MATERIAL FOR THIS EXERCISE section start

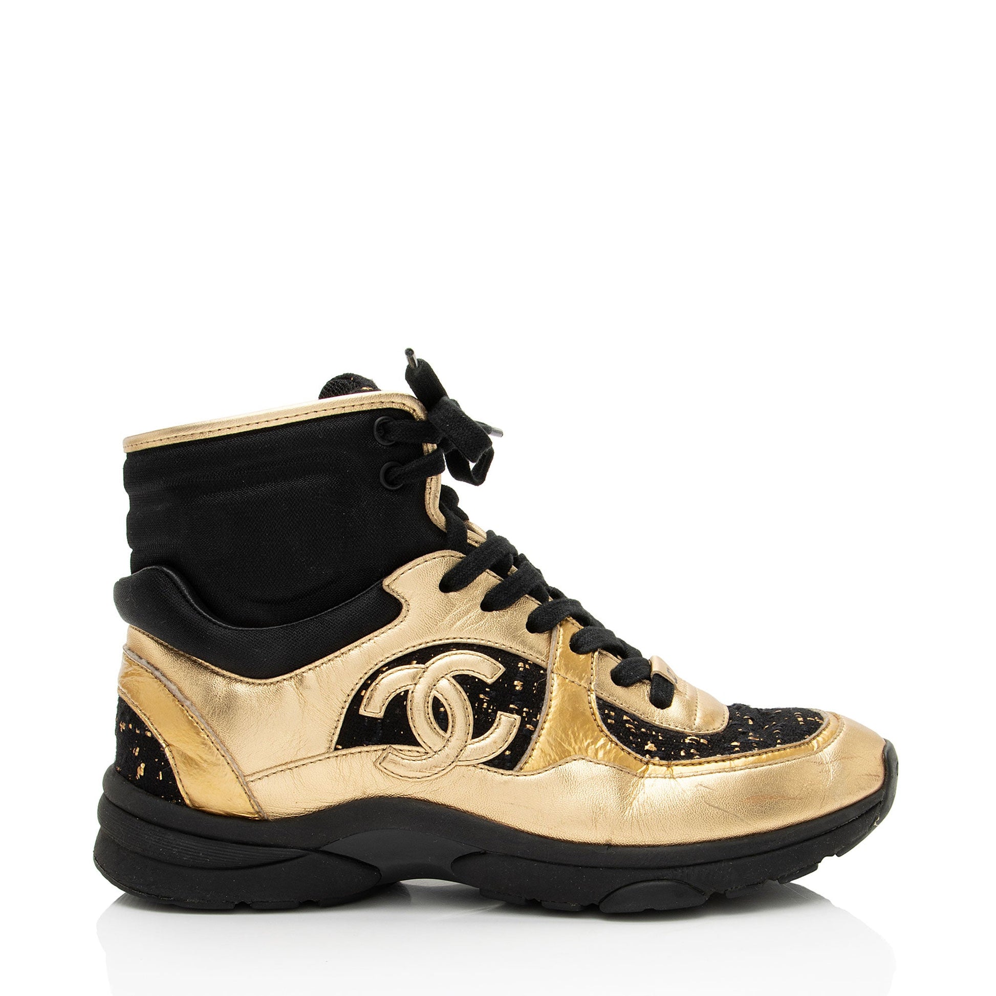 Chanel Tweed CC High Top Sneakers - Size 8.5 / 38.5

MATERIAL FOR THIS EXERCISE section end
MATERIAL FOR THIS EXERCISE section start

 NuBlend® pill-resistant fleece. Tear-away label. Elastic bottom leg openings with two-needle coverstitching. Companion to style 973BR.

MATERIAL FOR THIS EXERCISE section end
MATERIAL FOR THIS EXERCISE section start

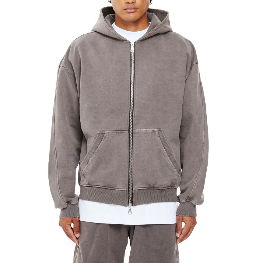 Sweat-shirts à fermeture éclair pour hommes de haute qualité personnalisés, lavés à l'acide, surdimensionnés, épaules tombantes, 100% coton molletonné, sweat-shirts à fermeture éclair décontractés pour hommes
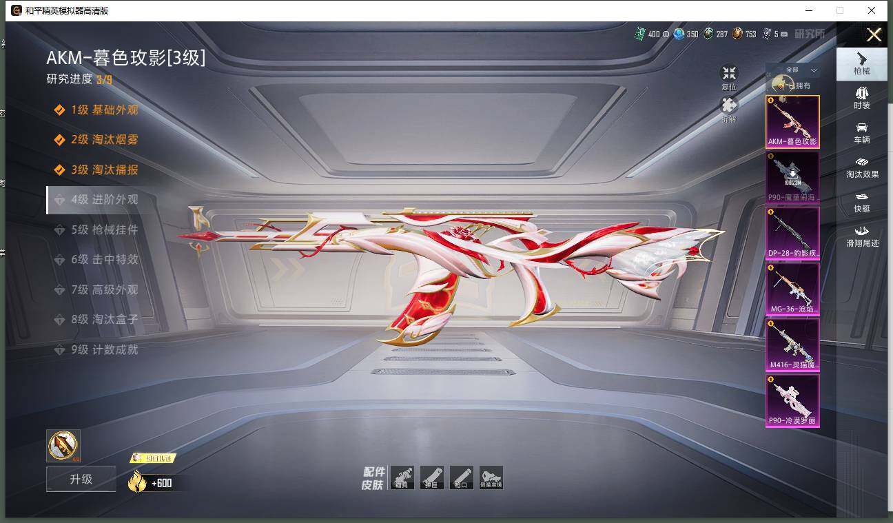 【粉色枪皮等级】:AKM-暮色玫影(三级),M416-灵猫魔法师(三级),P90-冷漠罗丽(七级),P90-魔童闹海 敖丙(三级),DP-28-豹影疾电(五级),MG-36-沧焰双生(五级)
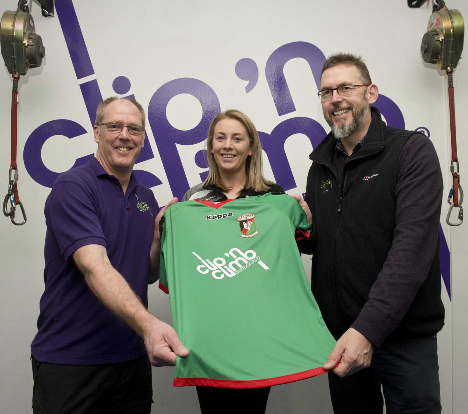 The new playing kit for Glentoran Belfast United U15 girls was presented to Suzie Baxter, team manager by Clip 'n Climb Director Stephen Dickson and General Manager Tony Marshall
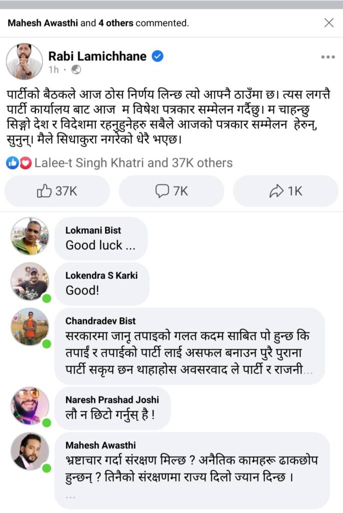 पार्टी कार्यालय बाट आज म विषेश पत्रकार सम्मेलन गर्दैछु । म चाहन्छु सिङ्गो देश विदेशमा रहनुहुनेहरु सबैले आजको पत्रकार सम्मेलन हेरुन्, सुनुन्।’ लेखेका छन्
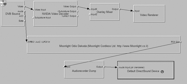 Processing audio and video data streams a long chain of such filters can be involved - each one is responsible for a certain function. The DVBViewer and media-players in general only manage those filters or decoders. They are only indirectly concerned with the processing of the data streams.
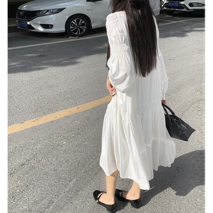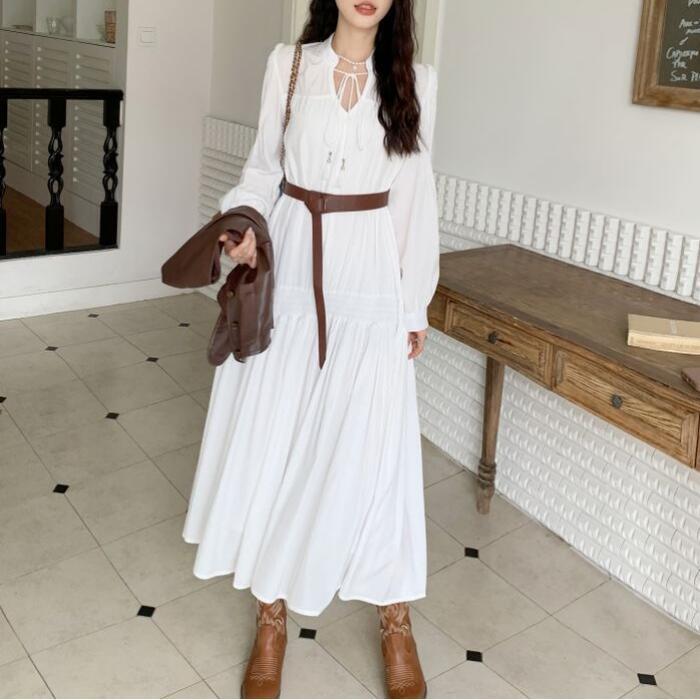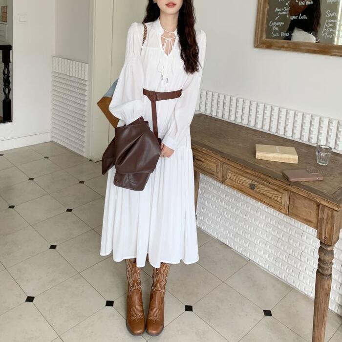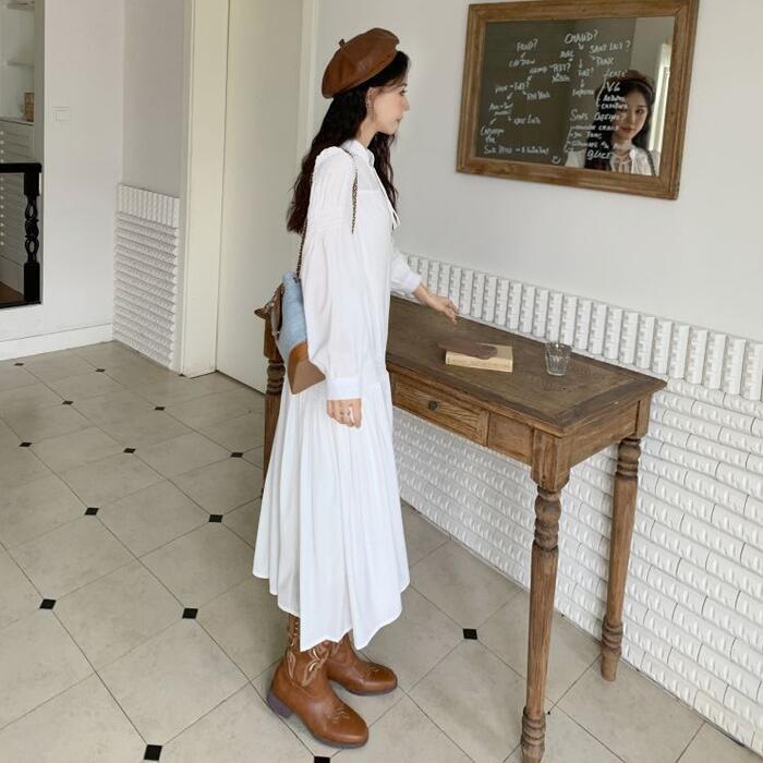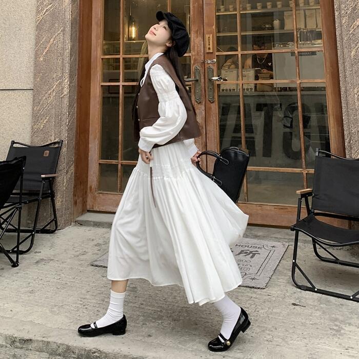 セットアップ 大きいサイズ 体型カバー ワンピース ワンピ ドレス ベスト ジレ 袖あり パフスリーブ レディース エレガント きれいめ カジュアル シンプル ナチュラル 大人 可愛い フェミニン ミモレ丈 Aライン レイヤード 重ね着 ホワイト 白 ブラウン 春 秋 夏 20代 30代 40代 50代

MATERIAL FOR THIS EXERCISE section end

THE PROBLEM: Return the material from the line containing "पार्टी कार्यालय बाट" through the line containing "セットアップ 大きいサイズ 体型カバー", exactly and in full, but without its pictures.

RESPONSE TO THIS EXERCISE:
 पार्टी कार्यालय बाट आज म विषेश पत्रकार सम्मेलन गर्दैछु । म चाहन्छु सिङ्गो देश विदेशमा रहनुहुनेहरु सबैले आजको पत्रकार सम्मेलन हेरुन्, सुनुन्।’ लेखेका छन्
 Processing audio and video data streams a long chain of such filters can be involved - each one is responsible for a certain function. The DVBViewer and media-players in general only manage those filters or decoders. They are only indirectly concerned with the processing of the data streams.
 セットアップ 大きいサイズ 体型カバー ワンピース ワンピ ドレス ベスト ジレ 袖あり パフスリーブ レディース エレガント きれいめ カジュアル シンプル ナチュラル 大人 可愛い フェミニン ミモレ丈 Aライン レイヤード 重ね着 ホワイト 白 ブラウン 春 秋 夏 20代 30代 40代 50代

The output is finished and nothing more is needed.